Data to examine -
——————————

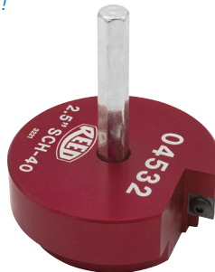
PPR250 - 04532 - 2 1/2"
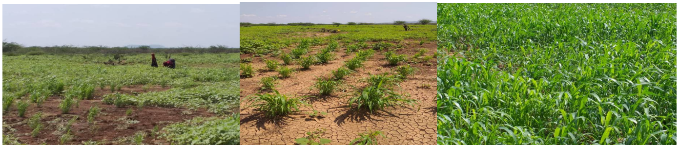
Forage on reclaimed land (weeding) Forage crop at early stage Forage crop on reclaimed land
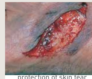
Fixation and protection of skin tear
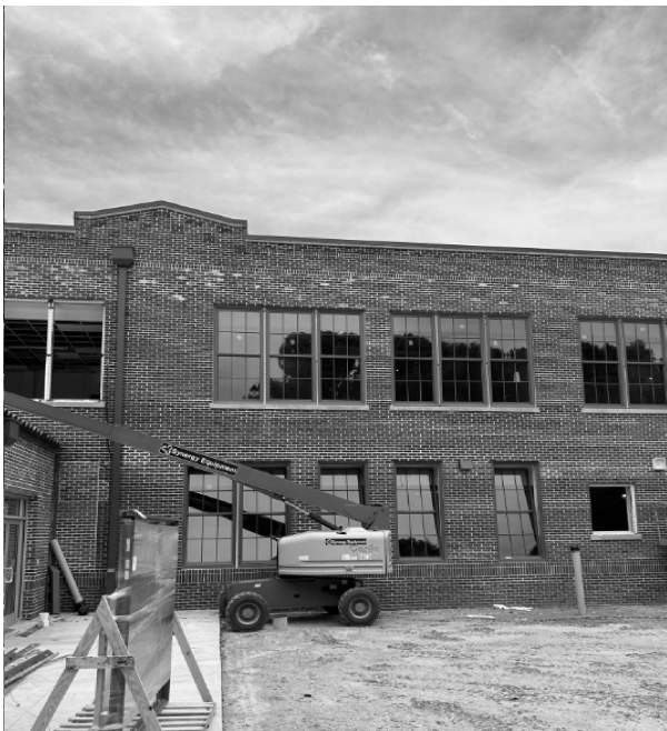
Exterior window install is 70% complete
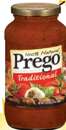
Prego Pasta Sauce 24 oz Jar Selected Varieties Traditional, Meat or Mushroom
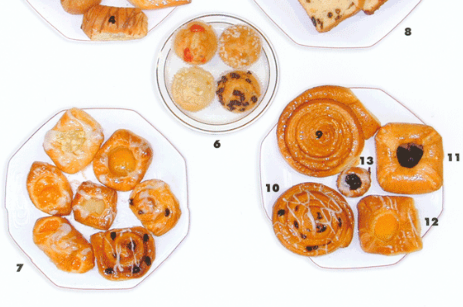
No. Product Description Code

35g Italian Selection Dinner Rolls are light baked and can be baked off at 220 oC for 3 minutes to give a nice fresh crusty roll.
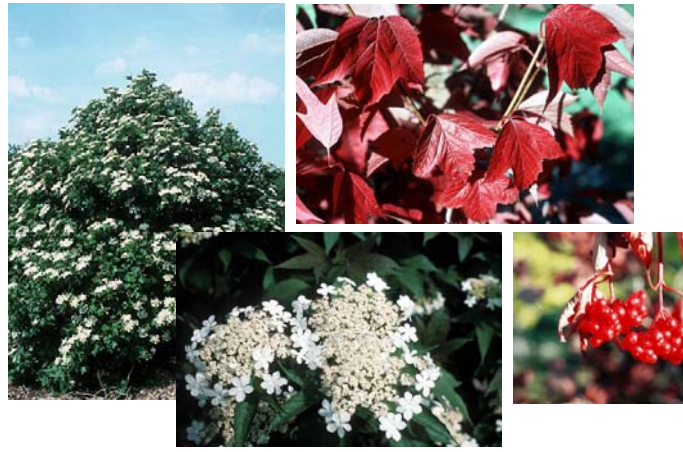
American Cranberrybush V. (Highbush Cranberry)
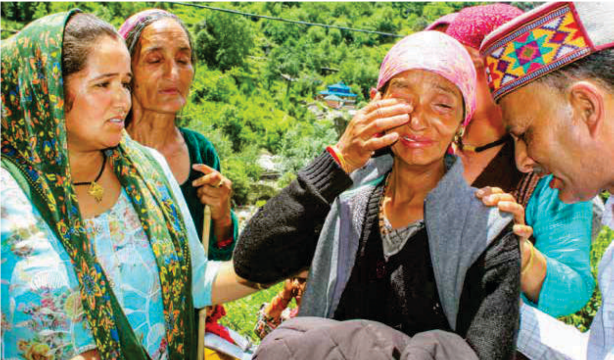
People mourn after their family members were swept away in the lash loods triggered by cloudbursts on Wednesday, in Sainj vally of Kullu district.

“Gujral sahib told me that it was Sanjay (Gandhi) who had not taken the controversy well. Otherwise, there was no objection from the others. I remember my reply too, that it was just one of those things which happens in a democracy.”
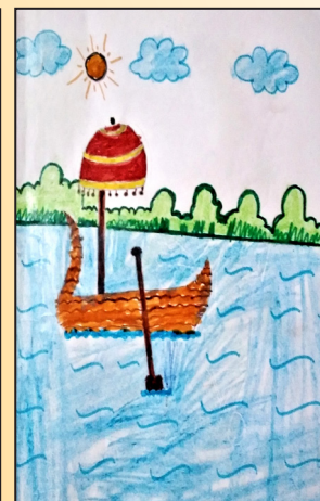
NAVYA GANESH NAIK - LKG
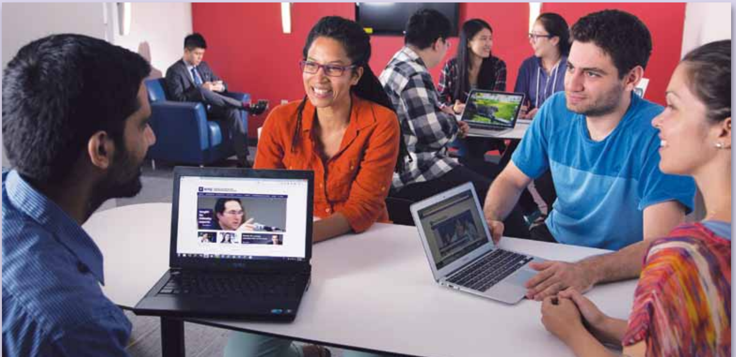
Students can take advantage of a number of resources at the NYU School of Professional Studies and the University at large.

This is just the beginning of your relationship with the NYU School of Professional Studies, which we hope will be rewarding, transformational, and lifelong.
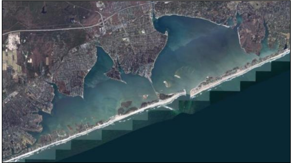
Figure 1 Shinnecock Bay
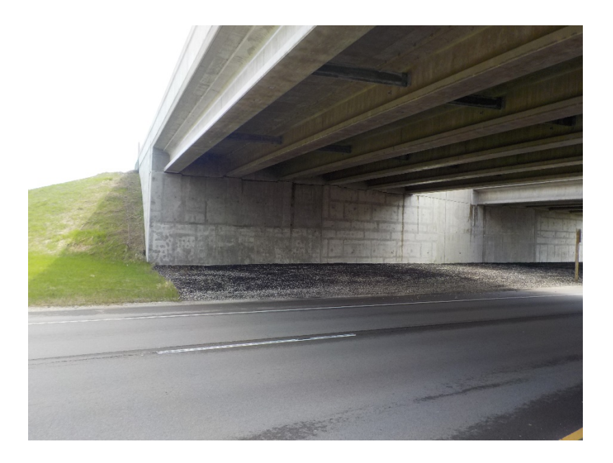
Bridge B-67-325 Northeast Side (Looking East)
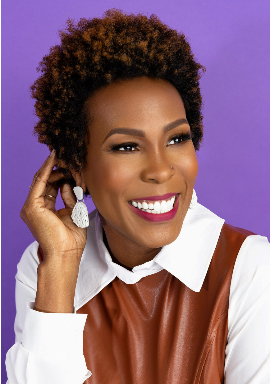
WOMEN IN BUSINESS EXPO
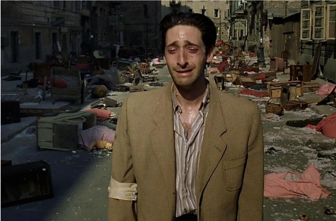
Picture 3. - The portrayal of Adrien Brody
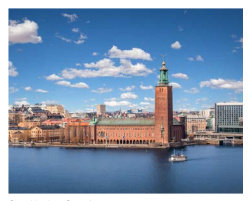
Stockholm, Sweden: Learn how to improve safety and take control of operations.
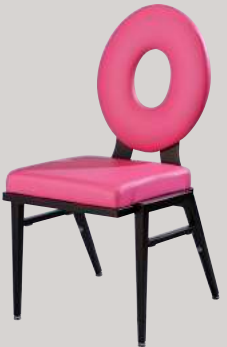
Kay Lang Collection
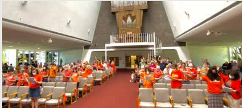
Those who attended the vigil, which took place in the Chapel at the LaGrange Park center, wore orange for National Gun Violence Awareness Day.
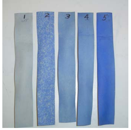
Fig. 4. BPB test results on wallboard paper.

The non-leaching, bonded antimicrobial is readily detected by staining the treated substrate with a water-soluble anionic dye, bromophenol blue—or BPB. The anion of the aqueous sodium salt of BPB complexes with the cation of the polymerized antimicrobial - resulting in a blue color on the treated substrate. An untreated substrate will retain its original color. The entire procedure takes only a few minutes and all you need is running water to perform the test.
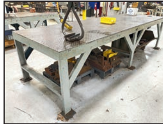
STEEL WORK TABLES
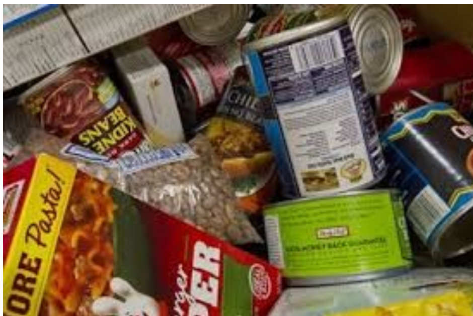
Gloria Dei's Annual Thanksgiving Food Drive
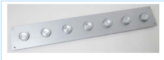
Model: LB7A 570 x 90 x 3 mm
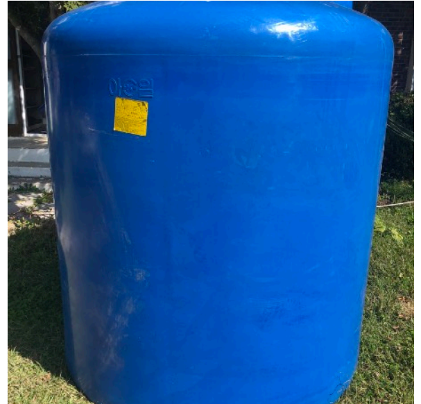
10,000 Liter water tank
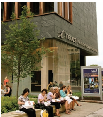
Attendees networking outside the TELUS Centre for Performance and Learning

“I enjoyed being able to look at my teaching in a different way, using the great ideas that were presented.”

——————————

Assigned task -
Looking above, find the stretch of lines that opens with the one holding "sahib told me" and closes with the one holding "Those who attended". Copy it exactly, pictures excluded.

Answer to this exercise -
“Gujral sahib told me that it was Sanjay (Gandhi) who had not taken the controversy well. Otherwise, there was no objection from the others. I remember my reply too, that it was just one of those things which happens in a democracy.”
NAVYA GANESH NAIK - LKG
Students can take advantage of a number of resources at the NYU School of Professional Studies and the University at large.

This is just the beginning of your relationship with the NYU School of Professional Studies, which we hope will be rewarding, transformational, and lifelong.
Figure 1 Shinnecock Bay
Bridge B-67-325 Northeast Side (Looking East)
WOMEN IN BUSINESS EXPO
Picture 3. - The portrayal of Adrien Brody
Stockholm, Sweden: Learn how to improve safety and take control of operations.
Kay Lang Collection
Those who attended the vigil, which took place in the Chapel at the LaGrange Park center, wore orange for National Gun Violence Awareness Day.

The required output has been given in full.